* What is expected *
Please return, exactly and only, the lines beginning at the top of the entries below and ending with the line containing "Сегодня в общественной"; keep out the pictures.
·····
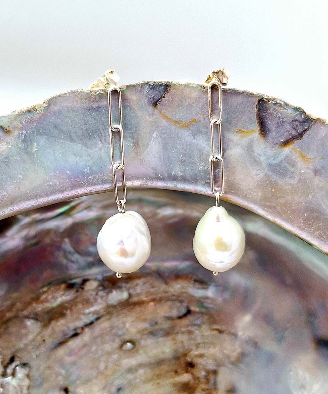 These statement earrings exude luxury and sophistication, featuring large, lustrous baroque pearls suspended from delicate sterling silver chains.
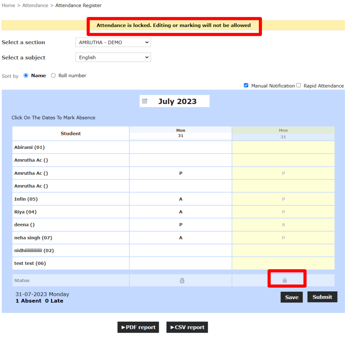 - After marking absent you can save and submit it. The attendance will be locked. Lock symbol & a flash message is displayed
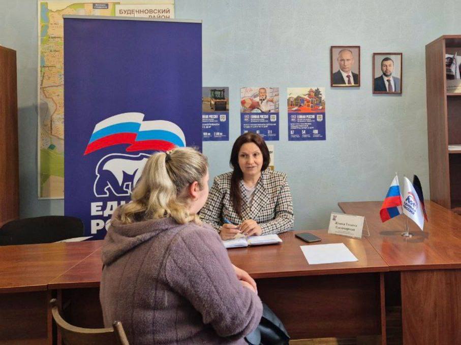 Сегодня в общественной приемной Партии «Единая Россия» Буденновского района состоялся прием граждан, который провела депутат Донецкого городского совета Жукова Татьяна Владимировна.
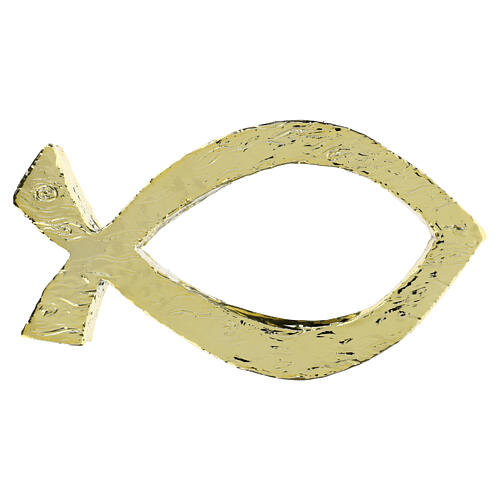 Ichthys z żywicy, złote, teksturowane wykończenie, 10,5×19×3 cm.
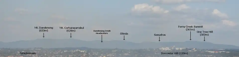 ![]() Left - Mount Dandenong and right - Mount Corhanwarrabul, viewed from Mooroolbark | |
·····
* Response to the task *
 These statement earrings exude luxury and sophistication, featuring large, lustrous baroque pearls suspended from delicate sterling silver chains.
 - After marking absent you can save and submit it. The attendance will be locked. Lock symbol & a flash message is displayed
 Сегодня в общественной приемной Партии «Единая Россия» Буденновского района состоялся прием граждан, который провела депутат Донецкого городского совета Жукова Татьяна Владимировна.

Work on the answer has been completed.